Born in Belgium, Wuille discovered Bitcoin in 2010. He was working at Google in Switzerland when he stumbled across the project in a chat channel dedicated to the programming language Haskell. In February 2011, he noticed a post from noted cryptographer Hal Finney in Bitcointalk, a Bitcoin forum established by Satoshi Nakamoto, that hoped to speed up signature verification in Bitcoin. This became Wuille’s first Bitcoin project.
Wuille’s first commit, BIP32, came in February of 2011 and was regarding “hierarchical deterministic wallets.” This standard made storing and recovering keys easier when interacting with a bitcoin wallet.
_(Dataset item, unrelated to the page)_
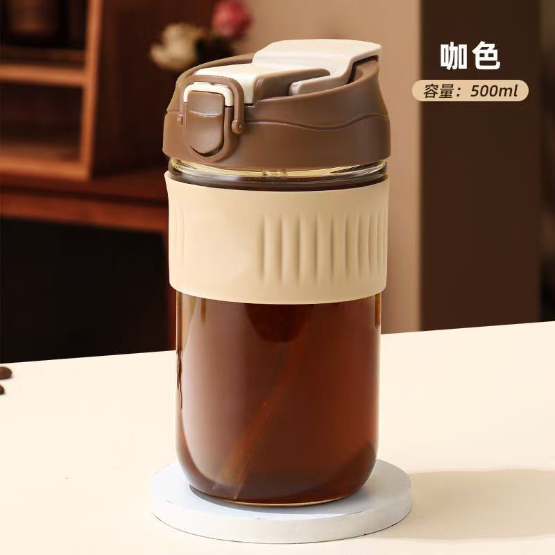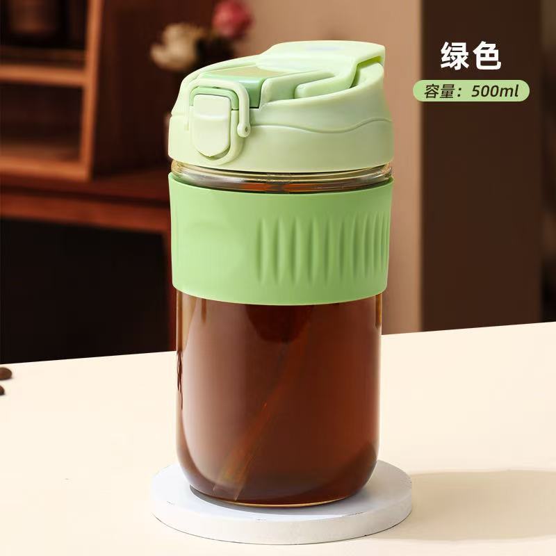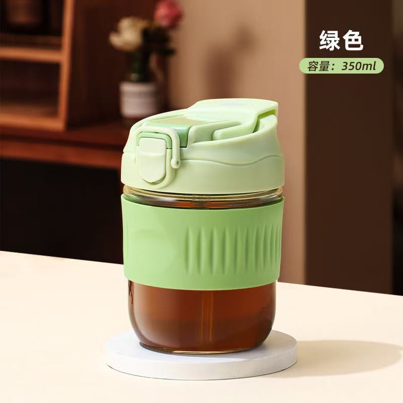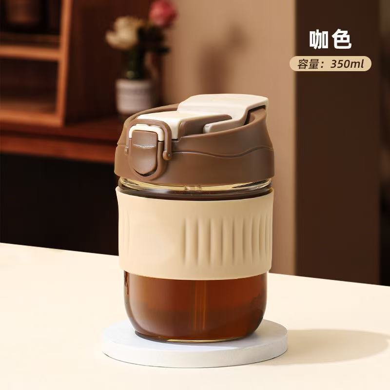 고붕규산 유리 물컵, 더블 드링크 커피 유리컵, 학생용 밀크티 컵, 심플한 직접 마시는 빨대컵, 유리 물컵스토어 가기

It allowed for the generation of a human-readable phrase as a seed to recover keys even if someone lost their alpha-numeric private key.
Wuille’s BIP 0141, Segregated Witness (SegWit), is the code he is best known for implementing. The code changes the way data is stored in blocks, and enables the development of “layer two” projects, such as scaling solutions like the Lightning Network. The library was notably criticized by Bitcoin Cash advocate Roger Ver as a solution that was “too little, and too late.”
As of 2019, Wuille has been focused on Schnorr signatures, an alternative to ECDSA signatures intended to allow the network to process more transactions and increase the privacy of its payments. The cryptographic signature closely related to ECDSA was originally patented by Claus Schnorr, but the patent expired in 2008 allowing its open use.